Stanford Health Policy’s M. Kate Bundorf and Maria Polyakova and their colleagues set out to develop an online decision-support tool to test whether machine-based expert recommendations would influence choice among Medicare Part D enrollees — and make it easier.

“The use of technology seems like a natural way to address the challenges of choosing among plans,” they write in their study published in Health Affairs.

Medicare beneficiaries have been choosing among Medicare Advantage and Part D prescription drug plans for years, and more recently the Affordable Care Act established health insurance marketplaces for those who are younger than 65.

All that choice is supposed to create incentives for plans to offer a variety of low-cost, high-quality products that allow people to choose the plan that best meets their needs.

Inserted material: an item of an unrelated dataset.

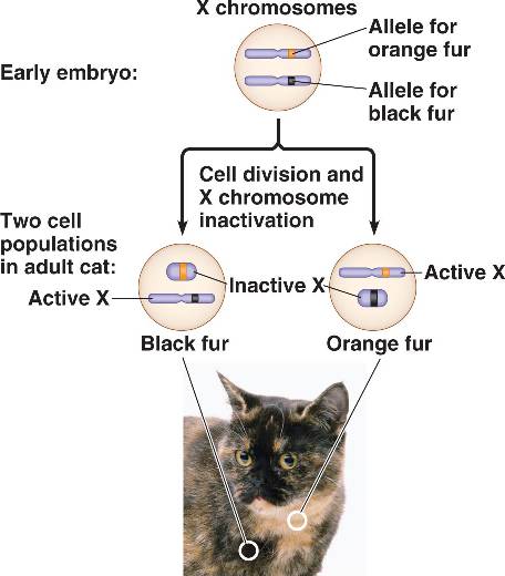 In a heterozygous "mosaic" female, orange patches are formed by cells in which the orange allele is active; black patches have cells in which the black allele is active.
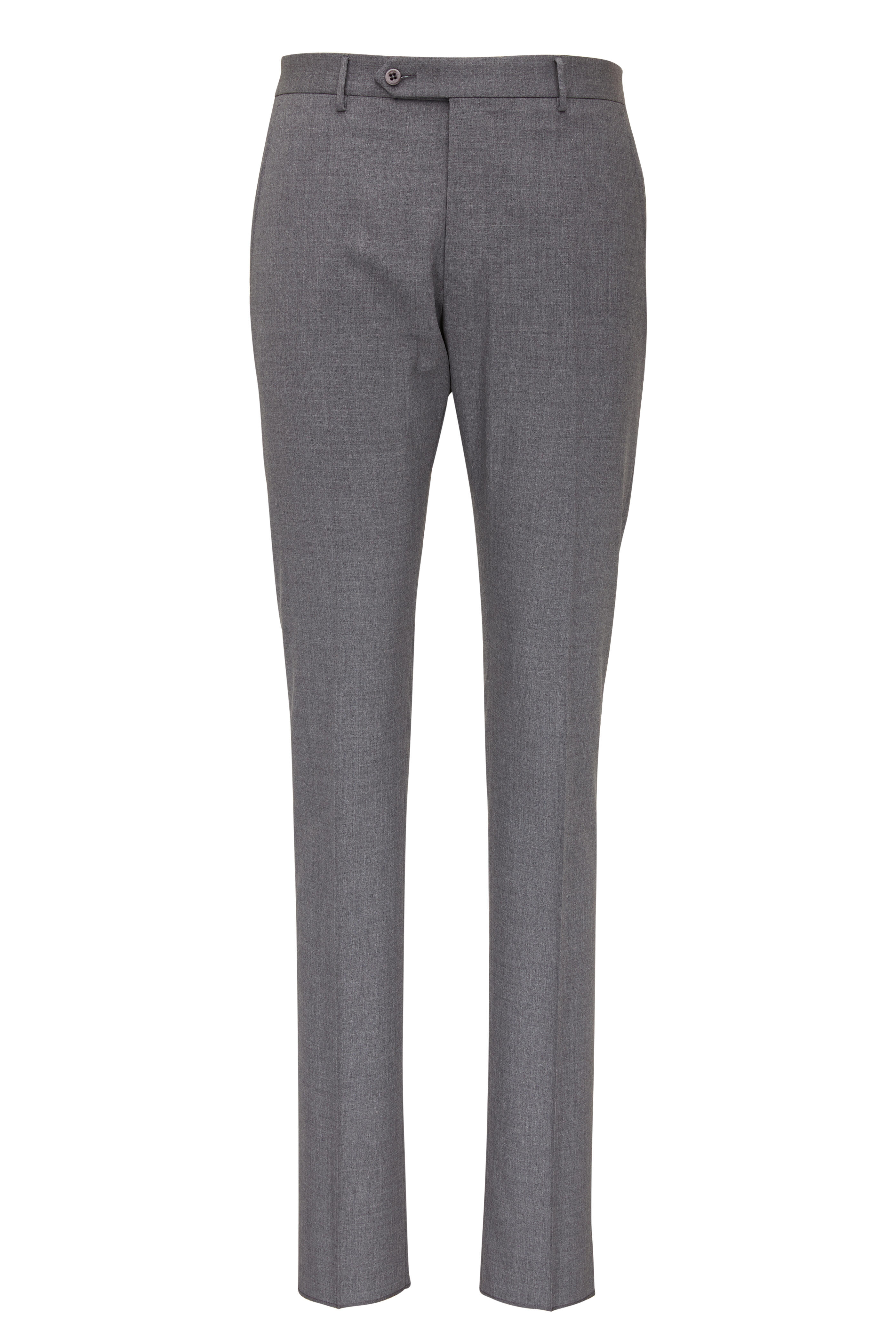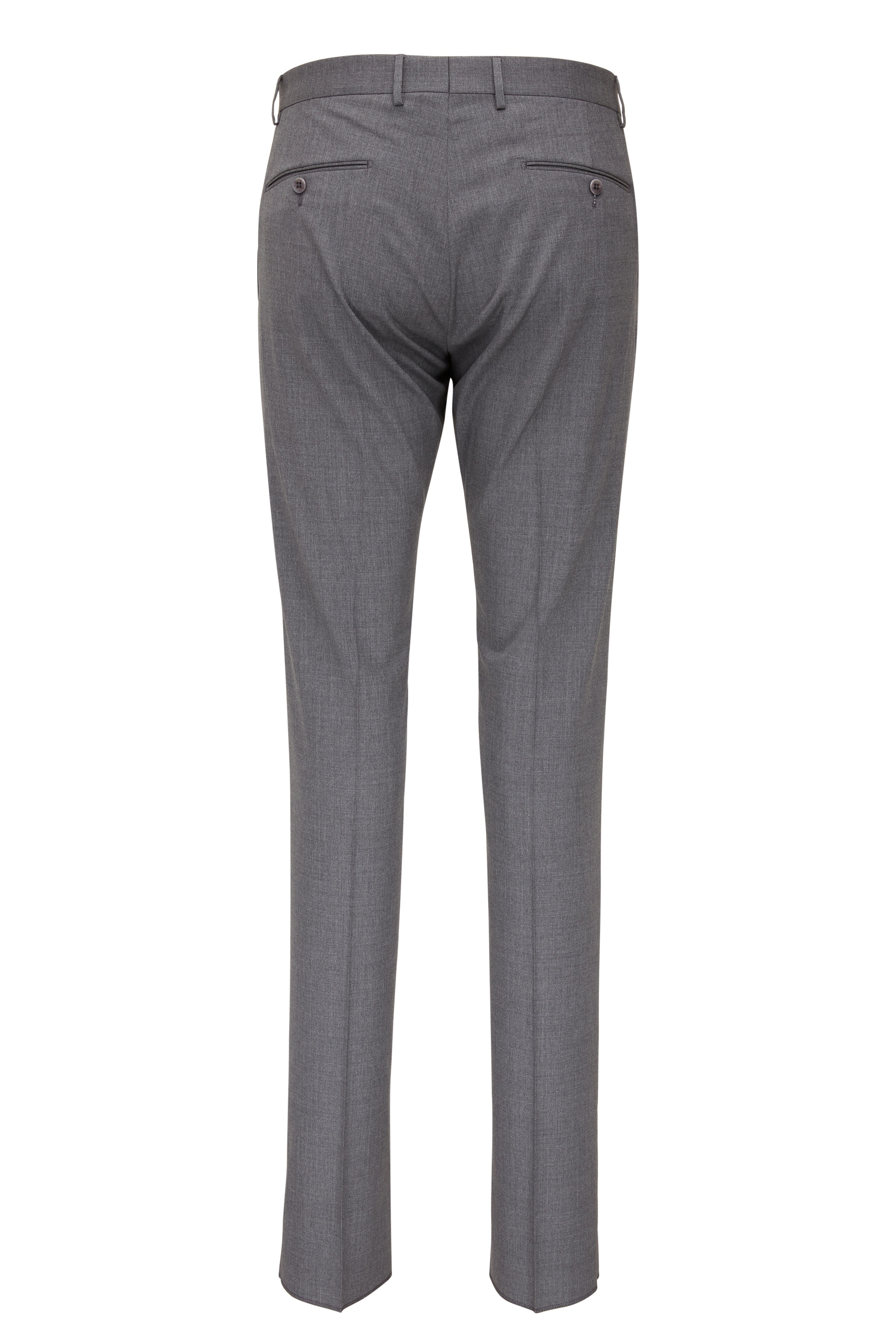 Zip fly with button tab. Side slash pockets; back welt pockets. Raw hem. Made in Italy. 98% virgin wool, 2% elastane. Dry clean.

But sometimes too many good choices can lead to bad outcomes.

“Health insurance is a complex financial product with complicated cost-sharing rules, and the implications of different benefit designs for out-of-pocket spending and health care use vary across consumers depending on their needs,” wrote Bundorf, chief of the Department of Health Research and Policy and an associate professor of medicine at Stanford Medicine.

Another researcher in the study was Albert Chan, chief of digital patient experience and an investigator at Sutter Health, in Palo Alto, as well as an adjunct professor at the Stanford Center for Biomedical Informatics ResearchMing Tai-Seale, a professor of family medicine and public health at University of California San Diego, was also a principal investigator of the study.

Choosing Health Plan is Complicated

“Consistent with these challenges, researchers have documented that many consumers, both young and old, do not understand the characteristics of their plans,” they wrote in the March issue of Health Affairs, which is holding a public briefing on patients-as-consumers at the National Press Club on March 5th. Bundorf will present their research at the briefing in Washington, D.C., which will be streamed live and will be posted here once it has aired.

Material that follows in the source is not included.